Makers of ‘Pulp Fiction’ setting up Asia film fund
By Denise Kee
Bloomberg News
Friday, April 27, 2007

SINGAPORE: Harvey and Bob Weinstein, the producers of “The English Patient” and “Pulp Fiction,” are setting up a $285 million fund for movies that focus on Asia, the film industry’s fastest-growing market.

The brothers hired Goldman Sachs to raise $245 million in debt and $25 million in equity, according to an offering document this month for the Asian Film Fund obtained by Bloomberg News. Weinstein Co., based in New York, set up by the brothers in October 2005, will invest $15 million.

The company’s box office revenue has fallen 84 percent this year compared with a year earlier, according to Box Office Mojo, based in Burbank, California. Weinstein Co. was formed two years ago when the brothers left Miramax, a company they founded in 1979 and sold to the Walt Disney for $80 million in 1993.

“There is a lot of money potentially looking at investing in film-related projects,” said Marcel Fenez, Asia Pacific Leader for Entertainment & Media at PricewaterhouseCoopers in Hong Kong. “Investors are still very cautious because these are very high-risk projects.”

The brothers plan to use the money to produce and market 31 films over the next six years, according to the offering document. The movies will be filmed in Asia, or spotlight Asian themes or talent. Weinstein Co. has identified movies starring Jackie Chan, the martial arts action star, and directed by the Chinese film maker Wong Kar Wai as possible projects.

The fund will probably distribute Wong’s first English-language film, “My Blueberry Nights,” a romance starring Norah Jones, the Grammy Award-winner, and Jude Law, and “Come Drink With Me,” the remake by the writer-director Quentin Tarantino of a 1966 Hong Kong martial arts film, the prospectus said.

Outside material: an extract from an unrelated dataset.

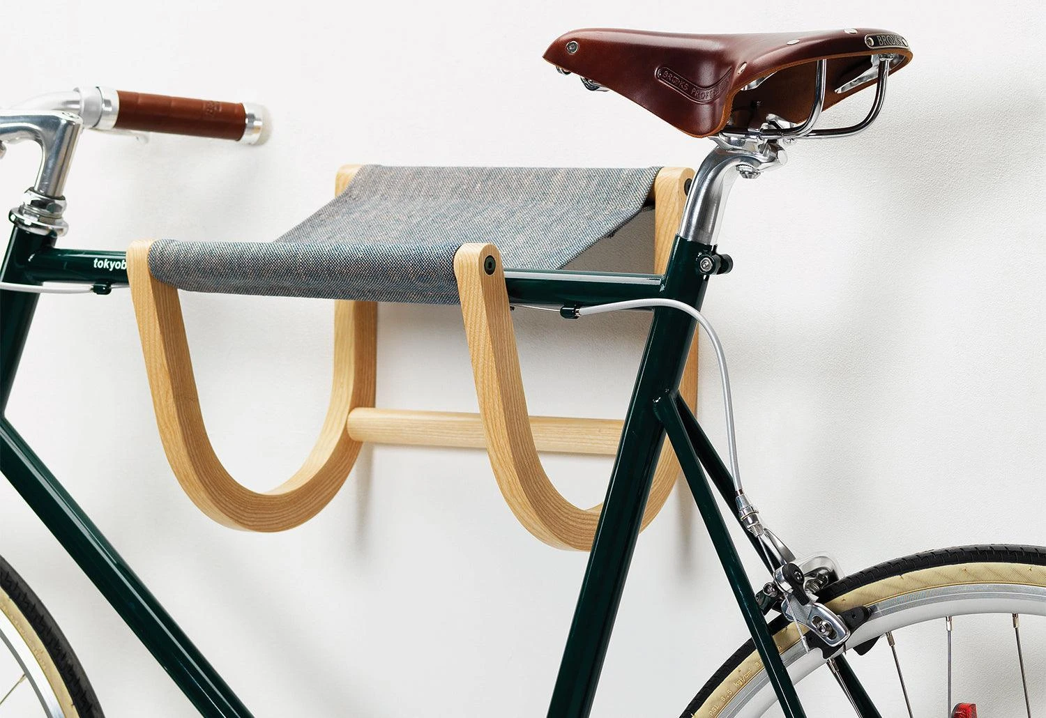 The René wall mounted bike rack is an indoor storage solution for your bicycle that is both stylish and practical. The solid ash frame is mountable to the wall, and the natural textile sling bears the weight of your bike whilst helping to keep it away from the wall.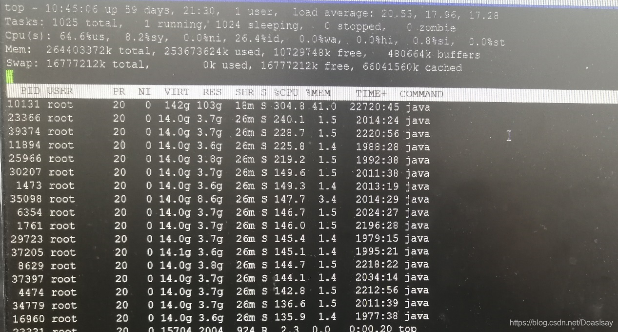 服务器一切正常,swap为0,iowait为0,cpu使用率也不是很高,对不起我根本没看网络,咱万兆网卡还是光纤局域网啊,如果负载比较高还要用iostat vmstat dstat iotop iftop netstat lsof等命令XJB去查看磁盘,内存,网络的具体情况

Spending on the Asian film industry, including productions from Bollywood in India, may increase by 6 percent a year to $23 billion in 2011, according to estimates by PricewaterhouseCoopers. The film industry worldwide is set to grow by an average of 5.3 percent a year to $104 billion in 2010, the PricewaterhouseCoopers report said.

“We’ve been working on this since we started the Weinstein Co. and are going to Asia to identify specific projects, find specific partners, make deals, as well as meet with talent, both behind and in front of the camera,” said Harvey Weinstein, the company’s co-chairman.

The company said it had distributed more then two dozen movies and videos with Asian themes, including “Kill Bill,” a story about a female assassin starring Uma Thurman, and “Hero,” a film about China’s first emperor. The projects have grossed more than $1.18 billion, the offering document showed.

The fund will likely pay an interest rate of 1.50 to 1.75 percentage points more than the London interbank rate, a benchmark for corporate borrowing, to raise $200 million of senior debt, according to the offering circular. The fund will pay about six percentage points more than Libor to borrow $45 million of less-secure debt. The six-month Libor rate was quoted recently at 5.35 percent.

“This is a difficult one given that we have very limited knowledge in this space and no comparables,” said Felix Zhang at Artesian Capital Management in Singapore. “This is an exotic debt.”

The Weinsteins raised $490 million in a private debt sale when they founded Weinstein Co., tapping investors including an affiliate of Goldman Sachs and Mark Cuban, the billionaire owner of the Dallas Mavericks basketball team. The company borrowed an additional $500 million in January 2006.

The Asian Film Fund is “a positive for the company,” said Cuban, who also founded HDNet, a high-definition television network. “Growth takes cash.”

The Weinsteins have a similar venture in Latin America with Eduardo Costantini Jr., the Argentine entrepreneur.

The five films distributed by Weinstein Co. this year, including “Grindhouse,” a thriller about a stalker from Tarantino and Robert Rodriguez, have taken in just $21 million, compared with the $133.4 million brought in by nine releases during the comparable period in 2006, according to Box Office Mojo.

Fenez said he was optimistic about growth in Asia. Box office receipts in China last year rose 31 percent to a record of 2.62 billion yuan, or $339 million, as the government cracked down on piracy while filmmakers improved distribution. Even after opening 82 new theaters last year, China has just one theater for every 495,447 people.